In this work, we present a novel scalable algorithm for don't cares-based sequential logic synthesis. Our method is based on k-step induction, and is orthogonal to the one in [1]. As a matter of fact, our new method applies both redundancy removal and resubstitution while using sequential observability don't cares (SODCs). In combinational logic synthesis, observability don't cares (ODCs), i.e., the input patterns for which the value of a wire is not observed at outputs, can be used to find better optimization opportunities [15]-[18]. The use of ODCs for optimizations comes with inherent challenges as ODCs can change after applying an ODC-based optimization. In sequential optimizations, the challenges are more prominent as it is highly non-trivial to consider the sequential nature of circuits while dealing with ODC dependencies. Although the dependency issues can be avoided by considering only compatible ODCs (CODCs) [19], i.e., ODCs that can be used independently at each node, it can lead to many missed optimization opportunities. Nevertheless, the method we propose utilizes the full power of ODCs in sequential optimizations. This is achieved by using an inductive approach that takes the reachable states into account and performs simultaneous, inplace optimization of two networks (base case and inductive case) using an ODC-based, combinational optimization method built on Boolean Satisfiability (SAT) [20], which uses windowing for scalability. Essentially, our method naturally finds valid ODC-based sequential optimizations that are compatible with each other, without limiting the search space to CODCbased optimizations. Thus, it may find better optimizations, especially in circuits with sequential feedback that can be problematic for traditional retiming-based methods. In essence, our method finds sequential optimizations that were never covered by prior approaches in a scalable manner. Moreover, as our approach does not move registers over combinational logic, the verification of the optimized networks is more likely to succeed, and hence our approach is more attractive for deployment in industrial tools.

The proposed method has been implemented in an industrial tool and shown to achieve a 6.9% average reduction in area

after technology mapping on top of state-of-the-art sequential optimization methods (e.g., SSW). All designs were verified using state-of-the-art sequential verification tools.

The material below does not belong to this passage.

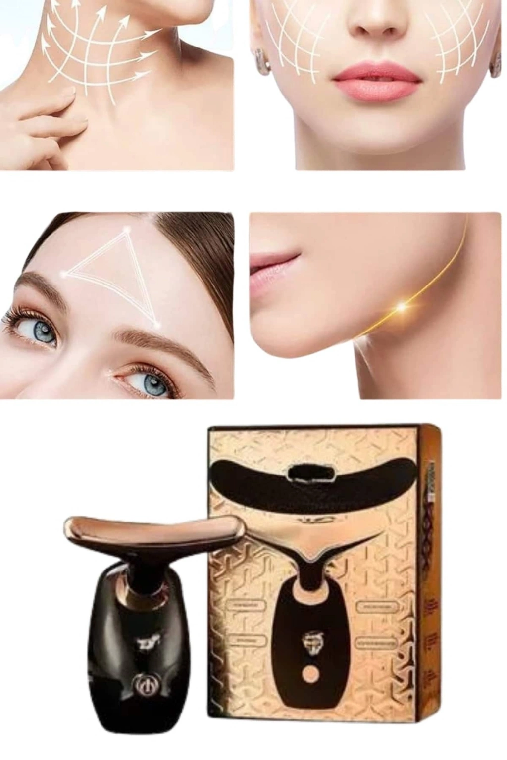 Bu yenilikçi boyun bakım cihazı, cilt sağlığınızı ve kas rahatlığınızı aynı anda destekleyerek günlük bakım rutininizi ileri bir seviyeye taşır. Dakikada 7000 kez gerçekleşen yüksek frekanslı ses dalgası titreşimleri sayesinde, boyun bölgesindeki meridyenler etkin şekilde uyarılır ve kas gerginliği azalır. Bu sayede, gün içinde biriken stres ve sertlik hissi hafiflerken, kas canlılığı da korunur.Besin infüzyon teknolojisi, kullanılan boyun kremi veya maskesinin (ürünle birlikte verilmemektedir) iyonize edilerek daha küçük parçalara ayrılmasını sağlar ve cilt tarafından daha hızlı ve derinlemesine emilmesini mümkün kılar. Ergonomik yunus formundaki 160° kavisli tasarımı ise boyun bölgesine tam uyum sağlayarak rahat ve etkili bir temas sunar.Cihaz, 45°C sıcaklıkta manyetik ısı terapisi sunarken, renkli ışık teknolojisiyle birlikte kan dolaşımını hızlandırır, cilt dokusunu canlandırır ve cildin daha sıkı ve pürüzsüz görünmesine katkı sağlar. Üç farklı mod seçeneği ile cihazınızı ihtiyacınıza göre kişiselleştirebilirsiniz: temizleme ve parlatma modu, elektrikli kas stimülasyonu modu veya ısıtma ve nemlendirme modu.Kompakt boyutları ve taşınabilirliği ile her an yanınızda taşıyabileceğiniz bu güzellik cihazı, paket içeriğinde yer alan şarj kablosu ile kolayca şarj edilir. Günlük bakımınıza profesyonel bir dokunuş katmak için ideal bir tercihtir.

The organization of the paper: Section II discusses some background and relevant prior work. Section III presents a motivating example for sequential synthesis with ODCs followed by our novel scalable sequential logic synthesis approach. Finally, Section IV presents experimental results and Section V concludes with a brief discussion of the results and future work.

# II. BACKGROUND

In this section, we provide some background that will be useful to better understand the rest of the paper and briefly describe some state-of-the-art prior work in sequential synthesis.

# A. Boolean Network

A Boolean network is a directed acyclic graph (DAG) representation of a logic network where the nodes correspond to logic gates and edges represent the connections between gates. A node function can be arbitrary, and usually encoded using its sum-of-products (SOPs) representation or its truth table with respect to node inputs. The source nodes of the DAG correspond to primary inputs (PIs) or register outputs (ROs) while the sinks correspond to primary outputs (POs) or register inputs (RIs). The corresponding RI/RO pairs are usually stored in a separate data structure together with the respective initial values of the registers. The fanins (fanouts) of a node n refers to the set of nodes that drives (driven by) n. I.e., the fanins of n have directed edges from them to n and the fanouts have directed edges from n to them. The transitive fanin (TFI) cone of a node n is the set of all nodes from which n is reachable via a directed path. Similarly, the transitive fanout (TFO) cone is the set of all nodes reachable from n via a directed path.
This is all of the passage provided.